Taken together, we reported the origin and evolutionary history of HLS1 and pointed out the functional divergence of HLS1 in different plant linages.
Materials and methods
HLS1 ortholog identification and phylogenetic analyses
To obtain orthologs of HLS1 from Archaeplastida, we performed similarity search using genomes from 32 representative plants, comprising 23 streptophytes (land plants and charophytes), 6 chlorophytes, 2 rhodophytes, and 1 glaucophyte (Supplementary Data 1). Arabidopsis AtHLS1 (At4g37580) was used as template to perform BLASTp searches against theses plant proteomes with low stringency (E value < 0.01). We also used BLASTp algorithm to search against the Phytozome v13 (https://phytozome-next.jgi.doe.gov/) and 1KP dataset (1000 plant transcriptomes, https://db.cngb.org/onekp/) to obtain putative HLS1 orthologs from glaucophytes, rhodophytes, chlorophytes, and charophytes as much as possible. We further analyzed the function domains of Arabidopsis HLS1 (At4g37580, PF00583, “N-acetyltransferase” domain) for filtering these similar sequences with hits (E value < 0.01). The filtered protein sequences were separately aligned using MAFFT (v7)28, and then trimmed by trimAL (v1.3) with -gt = 0.0329. The multiple sequence alignment was manually checked for quality and ensured the completeness of function domains. The maximum likelihood phylogenetic tree was reconstructed using IQ-TREE 230. The best-fitting model was determined by ModelFinder31, and branch supports were evaluated using the ultrafast bootstrap (UFBoot) approach and SH approximate likelihood ratio test (SH-aLRT test) with 1000 replicates32,33. The motifs were predicted by the MEME suit version 5.5.0 (https://meme-suite.org/meme/tools/meme).

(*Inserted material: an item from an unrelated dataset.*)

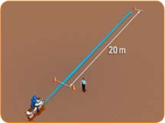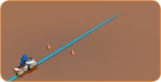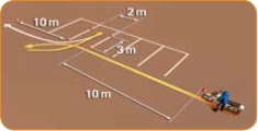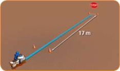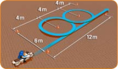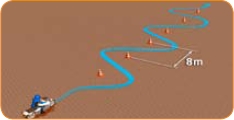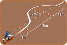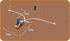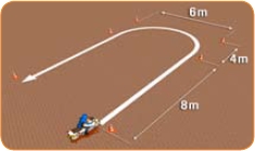 Met deze oefening laat je zien dat je een complete (denkbeeldige) acht kunt rijden in een rechthoekig kader. Je rijdt met trekkende motor en houdt daarbij een gelijkmatige snelheid aan. Je mag naast je voetrem eventueel ook een slippende koppeling gebruiken.

Plant materials and growth conditions
The Arabidopsis hls1-1 (point mutation line), hls1-27 (SALK_136528, T-DNA inserstion line), and hls1-28 (SM_3_50, transposon insertion line) mutants used in this study were described previously3,12. The co-2 and ft-10 mutants were obtained from The European Arabidopsis Stock Centre (NASC). The co-9 mutants were described before34. The hls1-1 co-9, hls1-1 co-2, and hls1-1 ft-10 double mutants were generated by genetic crosses between hls1-1 and co-2 and between hls1-1 and ft-10, respectively. Homozygous double mutants were verified by PCR-based sequencing in areas flanking the mutated sites. Genotyping primers were listed in Supplementary Data 2. For the complementation test, 35S:MYC-HLS1/hls1-1 plants (overexpression of the MYC tagged HLS1 coding sequence driven by the 35S promoter in hls1-1 background) have been described7. The coding sequences of MpHLS1, PpHLS1-1, PpHLS1-2, and SmHLS1-1, and SmHLS1-2 were commercially synthesized (GENEWIZ) and further cloned into pEGAD-LUC vector35 to obtain LUC-fusion constructs. The mutated AtHLS1 V108A L151A fragments were generated by following the instruction manual of the Mut Express MultiS Fast Mutagenesis Kit V2 (Vazyme). The coding sequences of AtHLS1 and AtHLS1 V108A L151A were cloned into pEGAD-GFP vector35 to obtain the GFP-fusion constructs. Each construct was then individually transfected into Agrobacterium tumefaciens GV3101. A. tumefaciens strains harboring each construct were then transformed into hls1-1 plants through flowering dip method. Obtained transformants were initially screened on Basta containing MS medium (Sigma-Aldrich, #M5519). Basta-resistant lines were picked up and transferred into soil for further immuno-blot confirmation.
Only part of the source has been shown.